**EXERCISE PROMPT**
Each entry below is to be returned exactly, with any pictures left out.

**LISTED RECORDS**

┄┄┄┄┄┄

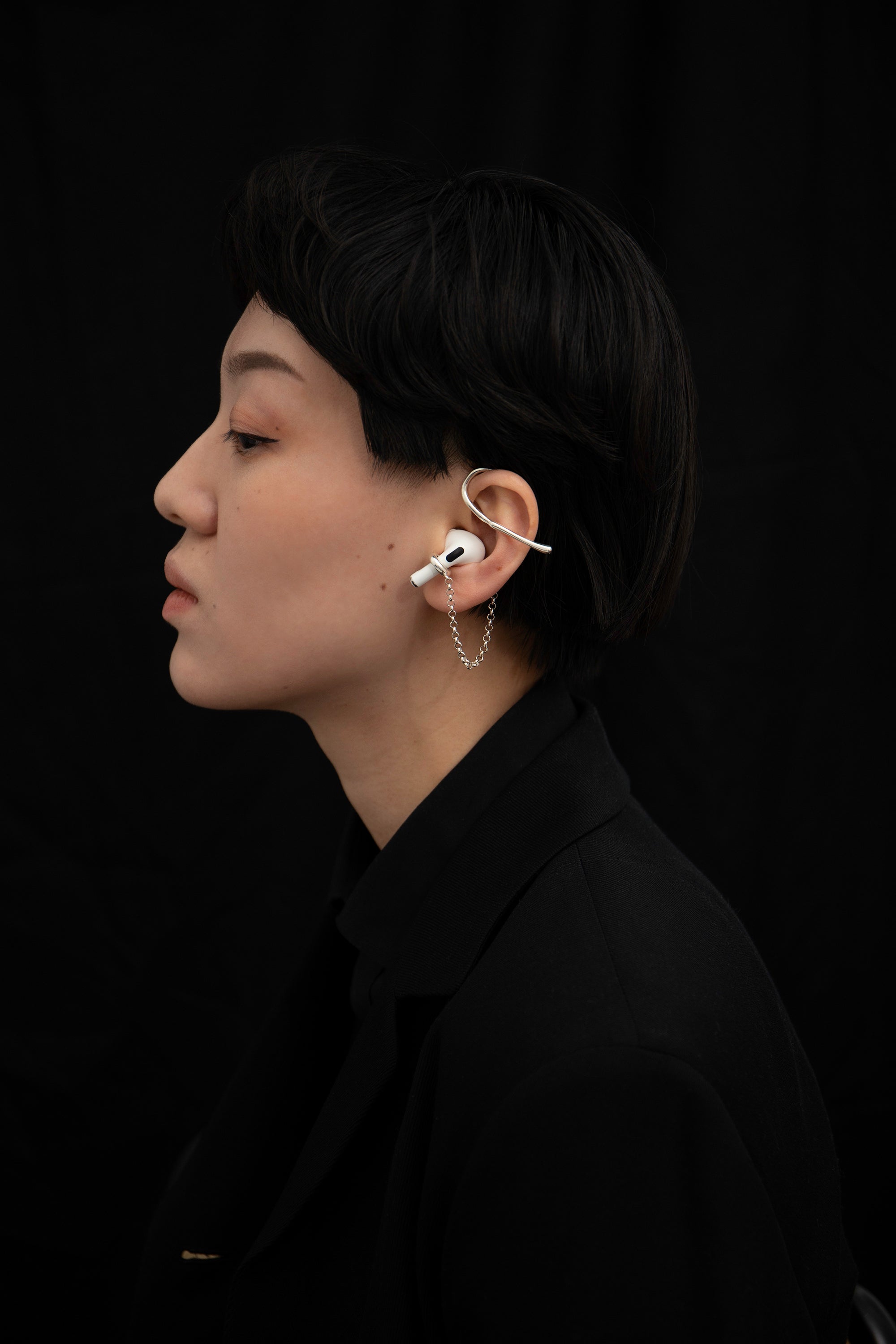 より知的な印象も感じられるPods Cuff。スターリングシルバー925とパールのコンビネーションにはガジェットもマッチします。Pods Cuff同様、あらゆる世代の方々に着用いただけます。アイウェア同様、イヤホンはこれからさらにファッション性が増し、用途も広がるでしょう。
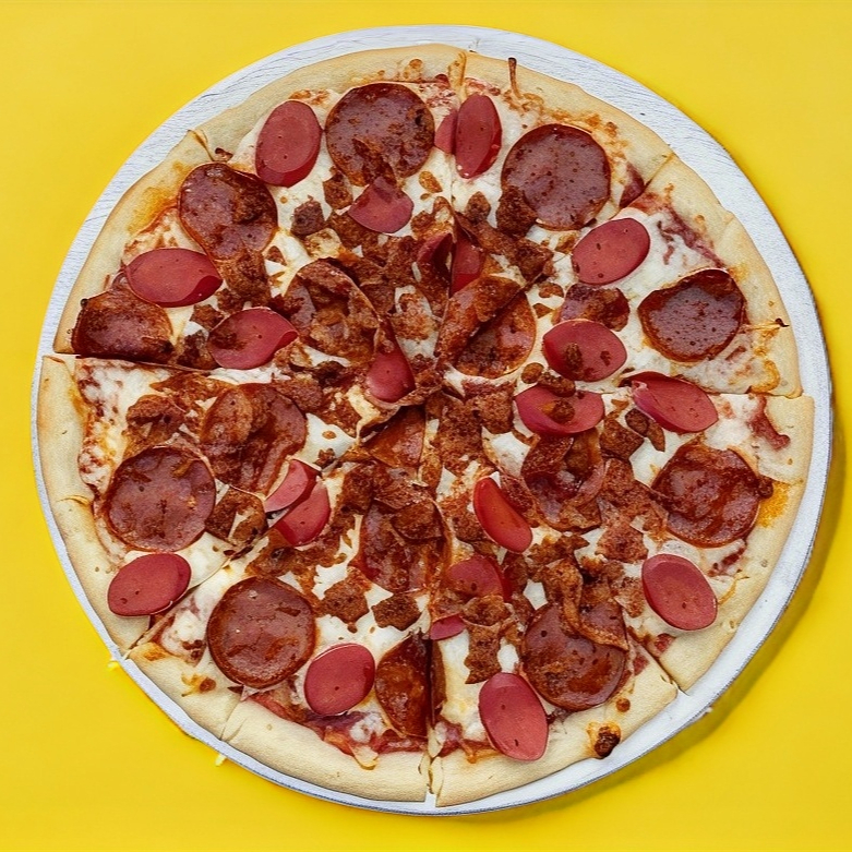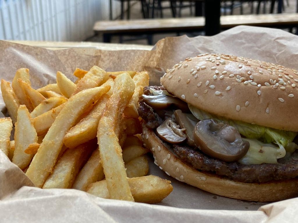 Carne molida de res especial, champiñones salteados, queso mozzarella, lechuga y cebolla caramelizada.
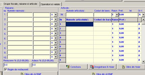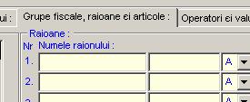 Accesul la grupul de rubrici de citire si inregistrare a informatiei despre raioane si articole, se realizeaza printr-un clic pe "Grupe fiscale, raioane si articole: din fereastra de baza a programului de parametrizare:
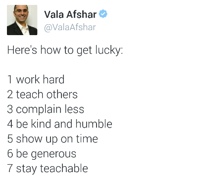 Again, what I truly believe is that you have to set yourself up to be in the right place at the right time. It takes hard work, vision, generosity and networking to get there. To dig into this further, I’m going to once again call upon my favorite person on Twitter, Vala Afshar – the Chief Marketing Officer for Extreme Networks, author of The Pursuit of Social Business Excellence, host of CxOTalk and blogger for the Huffington Post and Inc Magazine. I wrote a blog post about Why Your Best Employees Leave, which was also based on one of his tweets. He tweeted something that I identified very closely with, so again, I was inspired to write about it. Here is the tweet:
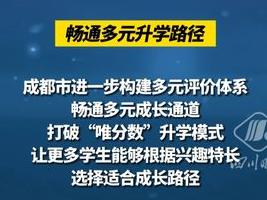成都市進一步構建多元評價體系,暢通多元成長通道,打破“唯分數”升學模式,讓更多學生能夠根據興趣特長選擇適合成長路徑。主要包括:中考成績平行志愿錄取、指標到校生、藝體特長生、青少年航空班、科技創新班、人文實驗班、強基計劃班、足球籃球排球預備隊、綜合高中、職普融通等,滿足不同潛質學生多樣化學習發展需求。此外,成都市還將穩步推進“小-初-高”12年和“初-高”6年貫通式培養擴面提質,堅持面向全體學生、著眼學生全面發展,不選拔、不掐尖,學生自愿報名、自愿退出,緩解中考升學焦慮。
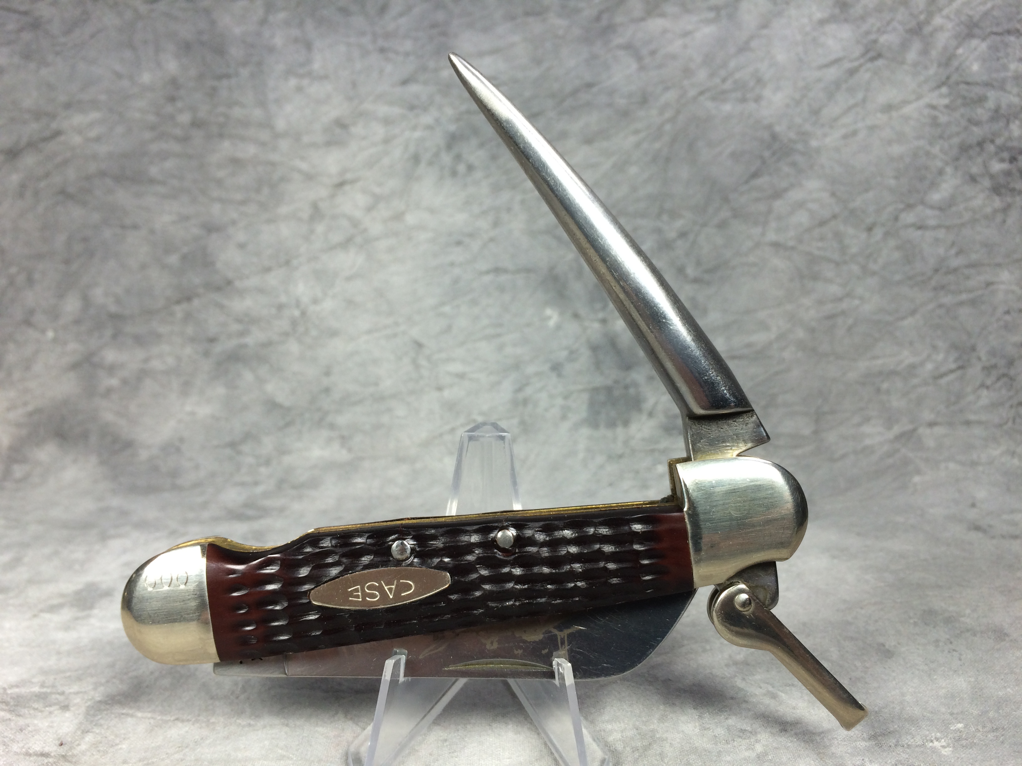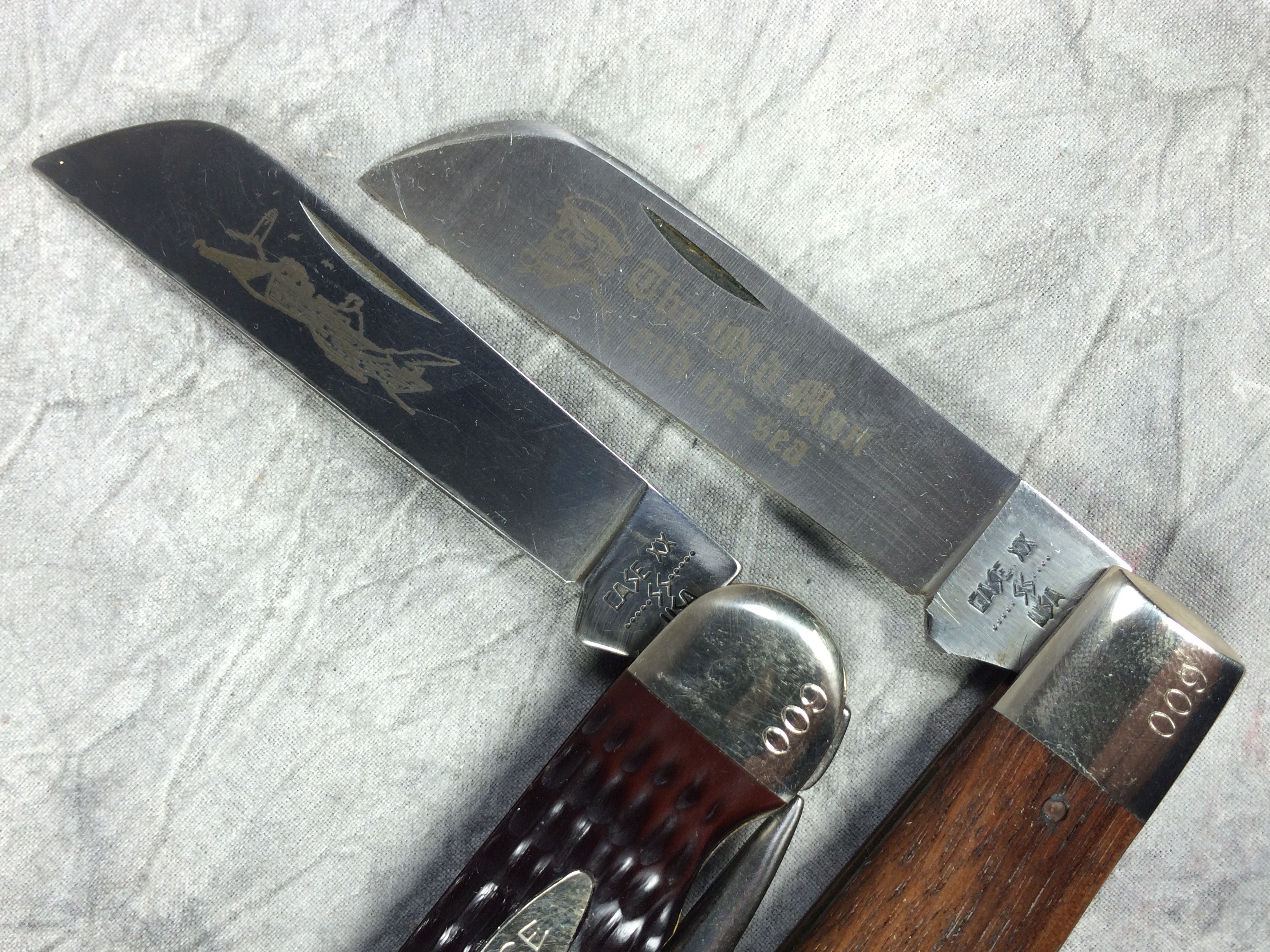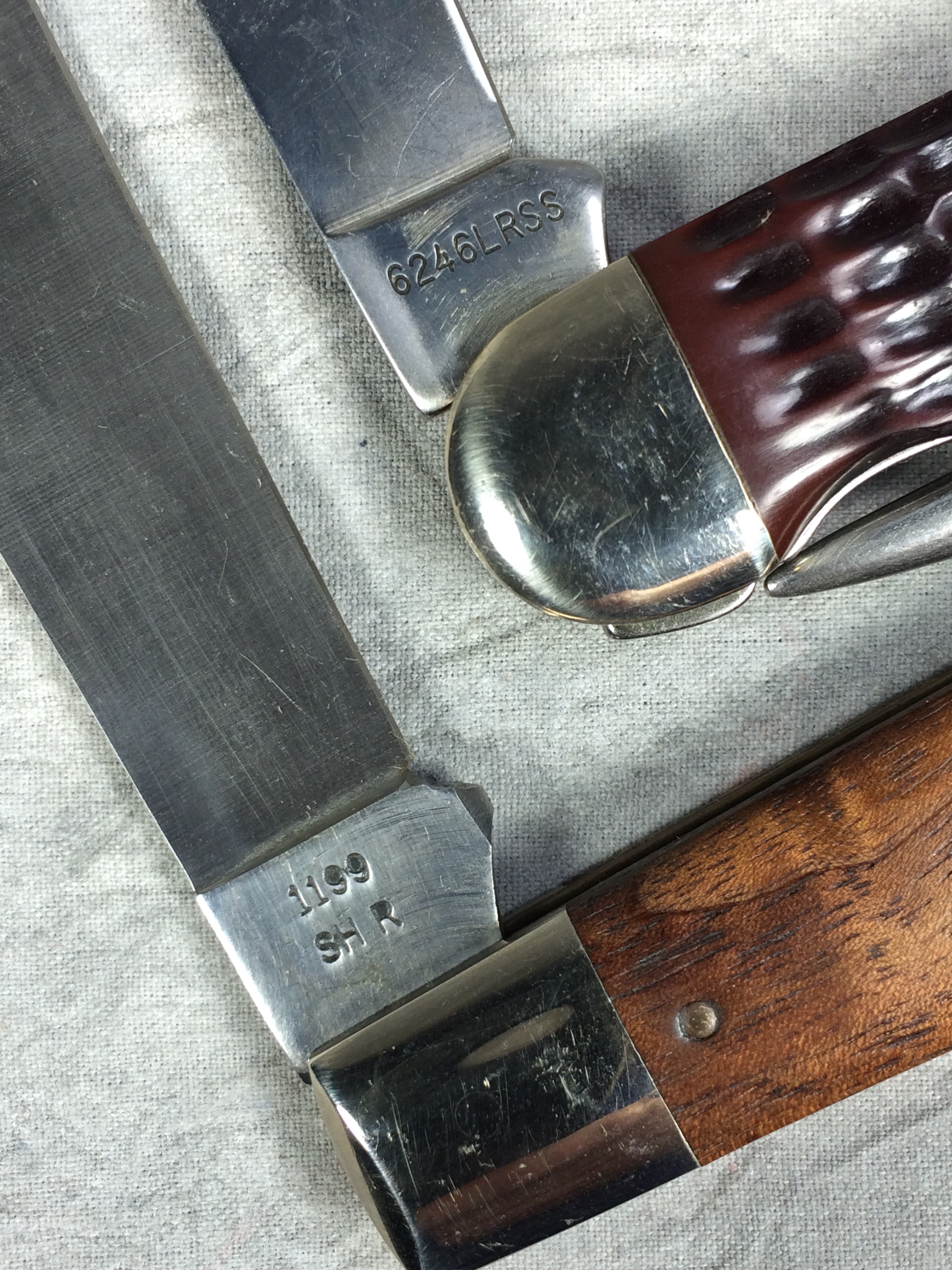 The first knife is a 1980 single blade rigger or sailor's pocket knife, model 6246LRSS: 4-1/2 inches closed. 7-3/8 inches open. Made in USA. "CASE XX *****SS***** USA" (10 dot) and "6246LRSS" tang stamps. Stainless steel blade etched with nautical image. Brown jigged delrin handle. Nickel Silver bolsters. Front bolster etched with serial number "009". Brass liner.

┄┄┄┄┄┄

**WORKED SOLUTION**
 より知的な印象も感じられるPods Cuff。スターリングシルバー925とパールのコンビネーションにはガジェットもマッチします。Pods Cuff同様、あらゆる世代の方々に着用いただけます。アイウェア同様、イヤホンはこれからさらにファッション性が増し、用途も広がるでしょう。
 Carne molida de res especial, champiñones salteados, queso mozzarella, lechuga y cebolla caramelizada.
 Accesul la grupul de rubrici de citire si inregistrare a informatiei despre raioane si articole, se realizeaza printr-un clic pe "Grupe fiscale, raioane si articole: din fereastra de baza a programului de parametrizare:
 Again, what I truly believe is that you have to set yourself up to be in the right place at the right time. It takes hard work, vision, generosity and networking to get there. To dig into this further, I’m going to once again call upon my favorite person on Twitter, Vala Afshar – the Chief Marketing Officer for Extreme Networks, author of The Pursuit of Social Business Excellence, host of CxOTalk and blogger for the Huffington Post and Inc Magazine. I wrote a blog post about Why Your Best Employees Leave, which was also based on one of his tweets. He tweeted something that I identified very closely with, so again, I was inspired to write about it. Here is the tweet:
成都市進一步構建多元評價體系,暢通多元成長通道,打破“唯分數”升學模式,讓更多學生能夠根據興趣特長選擇適合成長路徑。主要包括:中考成績平行志愿錄取、指標到校生、藝體特長生、青少年航空班、科技創新班、人文實驗班、強基計劃班、足球籃球排球預備隊、綜合高中、職普融通等,滿足不同潛質學生多樣化學習發展需求。此外,成都市還將穩步推進“小-初-高”12年和“初-高”6年貫通式培養擴面提質,堅持面向全體學生、著眼學生全面發展,不選拔、不掐尖,學生自愿報名、自愿退出,緩解中考升學焦慮。
 The first knife is a 1980 single blade rigger or sailor's pocket knife, model 6246LRSS: 4-1/2 inches closed. 7-3/8 inches open. Made in USA. "CASE XX *****SS***** USA" (10 dot) and "6246LRSS" tang stamps. Stainless steel blade etched with nautical image. Brown jigged delrin handle. Nickel Silver bolsters. Front bolster etched with serial number "009". Brass liner.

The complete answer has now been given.